Hometrack, the property consultancy, reported a 0.6 per cent fall in the average house price to £165,800 this month - the fourth monthly decline in a row. The rate matched the largest fall that Hometrack has reported - the level for October 2001 when global terrorism fears knocked confidence.

More worryingly, the excess supply of properties on the market increased again this month. The number of buyers registered with estate agents fell by 3.8 per cent while the number of properties listed increased by 5.6 per cent.

John Wriglesworth, an economist at Hometrack, said: "House prices are likely to drop further over the next few months due to the current excess supply and the expected seasonal fall-off in the number of prospective buyers. Prices should begin rising again in the spring when, barring further interest rate rises, buyers should return to support demand."

Separately, a poll of 2,200 users of Money Saving Expert, a consumer finance help website, found that half the country believed house prices would fall over the next year. Only 29 per cent expected prices to rise.

Martyn Lewis, the television and radio presenter, who set up the website, said: "The public's sentiment is very likely to have a material impact on house prices.

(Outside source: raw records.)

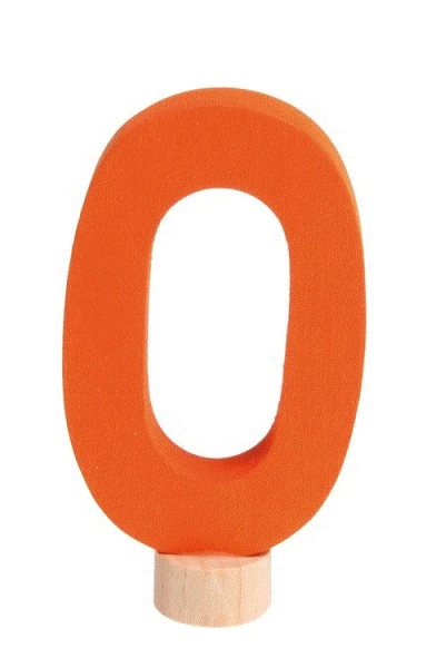 Orangefarbener Dekostecker von Grimm´s Spiel- und Holzdesign aus Holz in Form der Zahl 0 für den Geburtstagsring.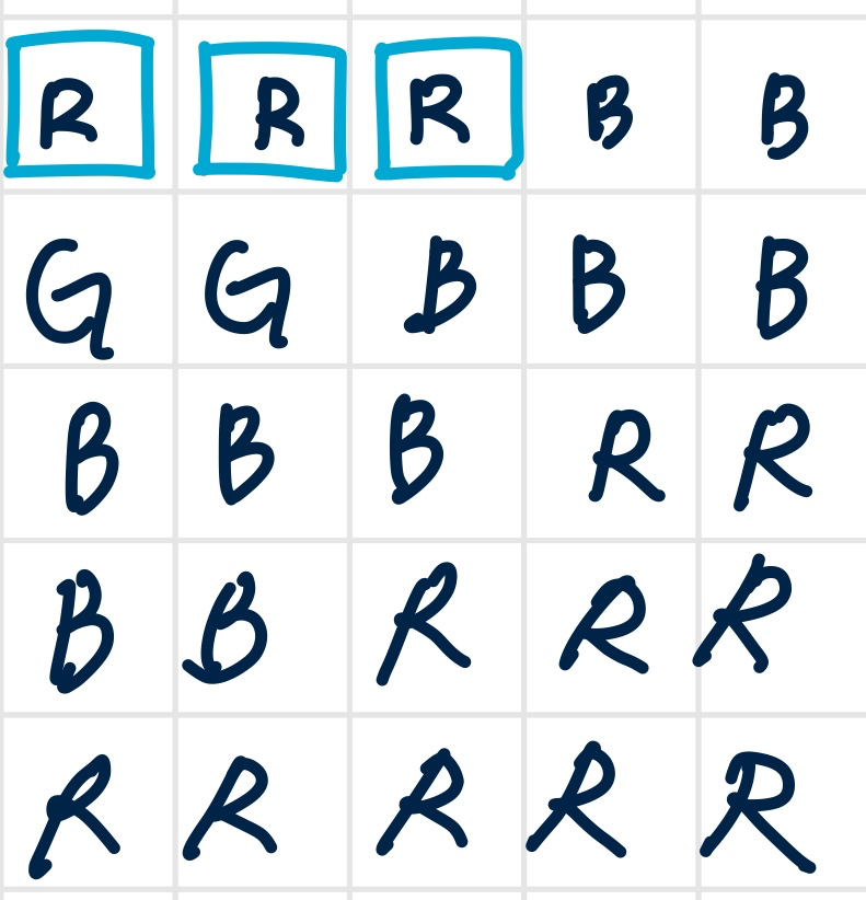 # R==G이니까 R을 G로 바꿔주어 생각한다.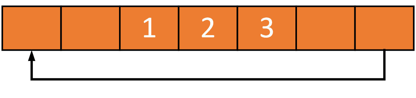 先不要想环形缓冲区(ring buffer)的具体实现细节,来看一个简单的例子。如下是一个空间大小为 7的环形缓冲区,其中底部的单线箭头表示“头尾相连”形成一个环形地址空间: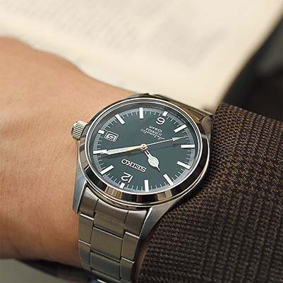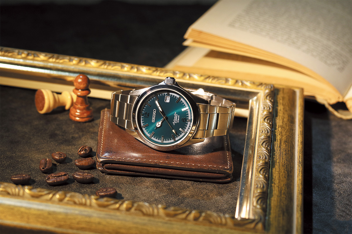 「3針は好きだけど少し捻りがほしい」という人にすすめたいのがこちら。ダイヤルに深みのあるグリーンを効かせることで、ヴィンテージ感のある表情を生み出している。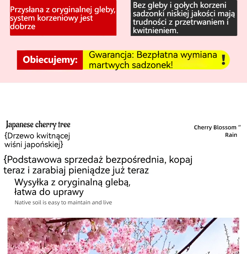 Wyselekcjonowane sadzonki wiśni japońskiej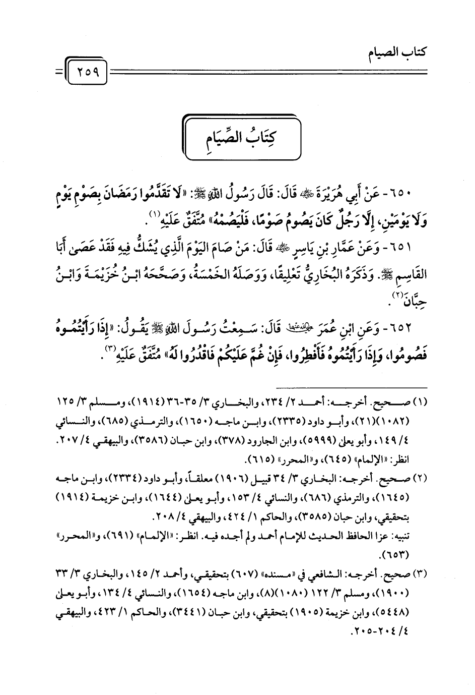 650 - عَنْ أَبِي هُرَيْرَةَ - رضي الله عنه - قَالَ: قَالَ رَسُولُ اللَّهِ - صلى الله عليه وسلم -: «لَا تَقَدَّمُوا رَمَضَانَ بِصَوْمِ يَوْمٍ وَلَا يَوْمَيْنِ، إِلَّا رَجُلٌ كَانَ يَصُومُ صَوْمًا، فَلْيَصُمْهُ» مُتَّفَقٌ عَلَيْهِ (¬1).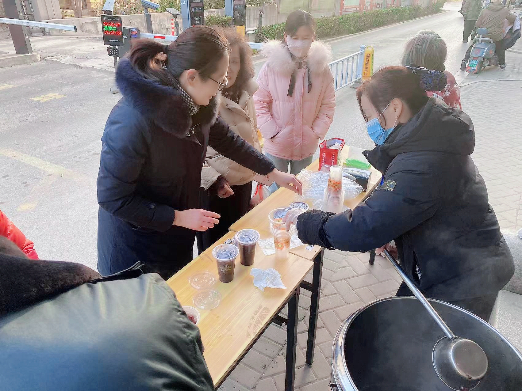 晨光熹微,在不同地方,相同的時間里上演著同樣的劇情,各個項目的物業工作人員化身“節日使者”,早早忙碌開來,為臘八節活動準備著。園區廣場上、小區大門旁,煮好的臘八粥搭配著茶葉蛋已經端上桌來,鍋中熱氣騰騰,散發著臘八粥誘人的香氣。精心熬制的臘八粥,選用了上等的糯米、紅豆、紅棗、桂圓等食材,寓意著吉祥、團圓、幸福與安康,每一口都是滿滿的心意。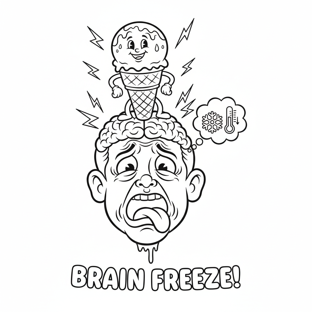 A delightful ice cream coloring page featuring ice cream headache brain freeze funny face. Perfect for kids and adults who love coloring!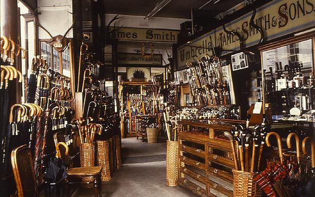 Interior view of the world famous James Smith and Sons umbrella shop. The business was founded in 1830 and is still a family run business.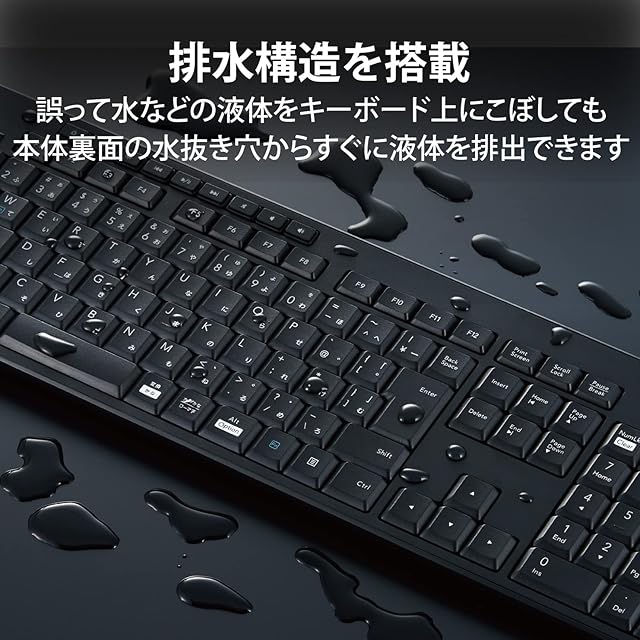 誤って水などの液体をキーボード上にこぼしても、本体裏面の水抜き穴からすぐに液体を排出できる排水機構を搭載しています。(防水設計ではありません)

If they believe house prices will drop, this may well be self-fulfilling."

The average price of a house sale in October fell to 93.7 per cent of the asking price, according to Hometrack. The average time it took to sell rose to six-and-a-half weeks.

For the second month running, house price falls were spread across the country, with no county having rises. While southern England experienced biggest declines, price falls in the North were growing and becoming more widespread.